There are some areas of sneaker culture where the generation gap isn’t much more than a crack in the sidewalk.
Take the silhouettes that are considered undisputed, all- time classics. It doesn’t really matter if someone has been replacing their favorite pair since 1981, or is discovering it for the first time, because the appeal transcends that particular boundary.
There are other areas of sneaker culture though, where the generation gap opens up to proportions rivaling the Marianas Trench. One of these areas is the role of athletics, as it relates to how shoes are consumed and appreciated by the public. It used to be that sneakers were more or less a direct offshoot of sports fandom and participation. Sure, there were certain, long established styles out there that were seemingly standard issue for casual wear, but the interest in and adoption of specialty performance footwear as fashion, that came from sports.
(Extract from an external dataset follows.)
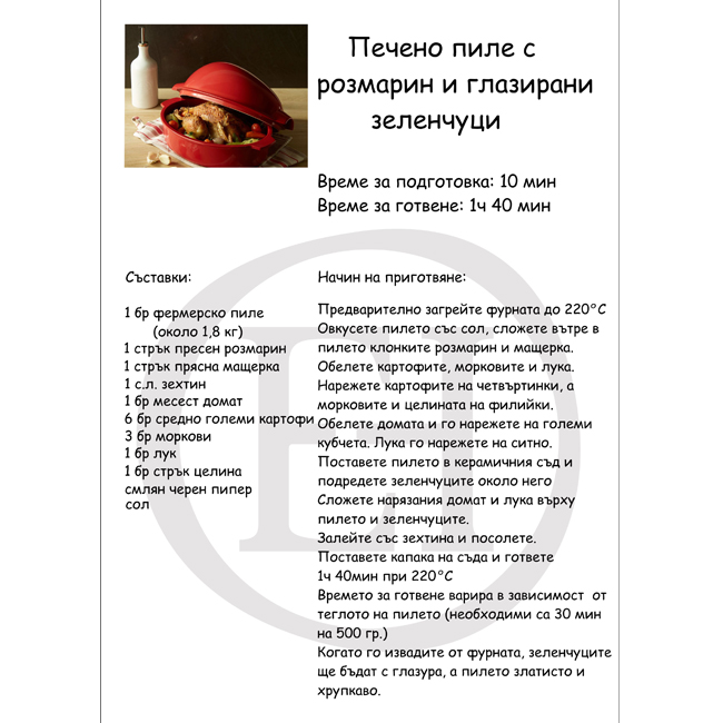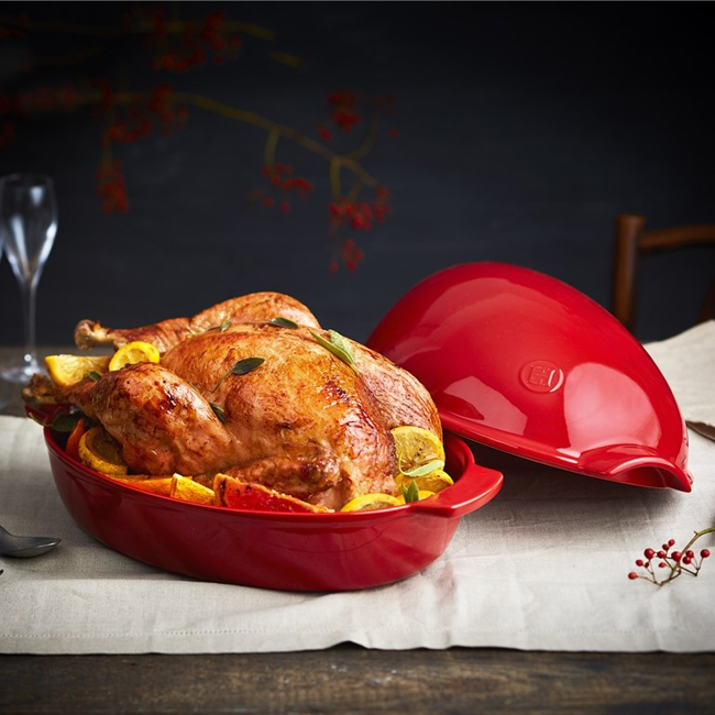Независимо дали става въпрос за пуйка, пиле или агнешко бутче, LARGE ROASTER на EMILE HENRY позволява перфектно готвене на едри домашни птици или друго месо до 5 кг и то без да замърсявате вашата фурна!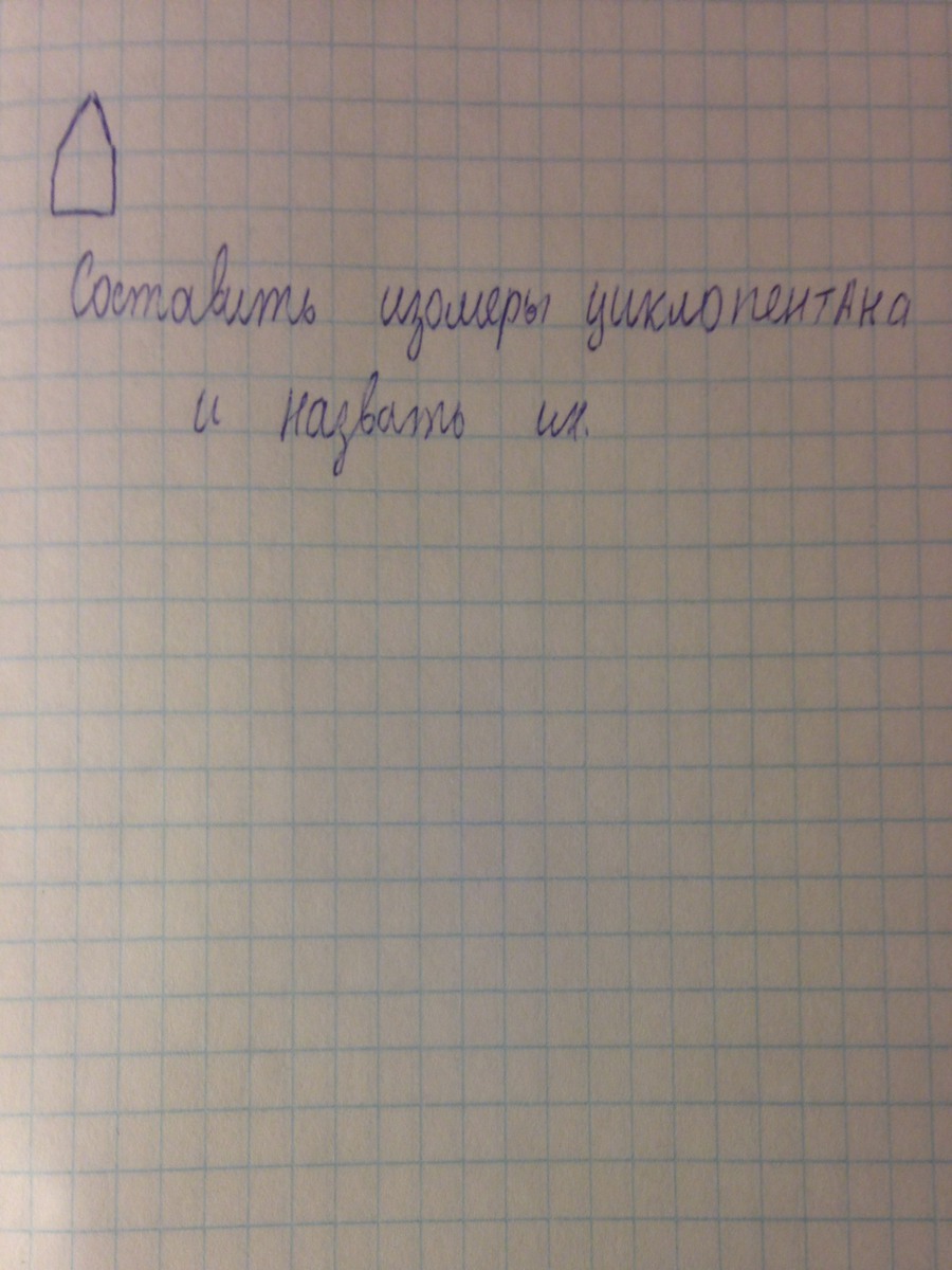 Составьте, пожалуйста, изомеры циклопентана и дайте им названия. (если нетрудно, то объясните)

This wasn’t just a state of mind, the entire apparatus of marketing and selling sneakers was geared towards the athletic arena. Buying a pair of shoes involved heading to your nearest sporting goods store. New models touted their revolutionary performance features, and their supreme levels of comfort. (If the official slogan of the groundbreaking Reebok Pump was “Pump it up,” the unofficial slogan of parents across the country was “shoes don’t make you play basketball any better.”) Obviously aesthetics played an integral part, even back then, but the design considerations were still part of an overall package of looking good and feeling good.
So, what’s the point of this stroll down memory lane? It’s that seeing these technological marvels reincarnated as retro is always something of a culture shock. Add in the modern shift towards fashion as the primary lens through which footwear is viewed, and the original context of the shoe recedes even further.
That brings us to the present day, and the revival of the “chunky” runner.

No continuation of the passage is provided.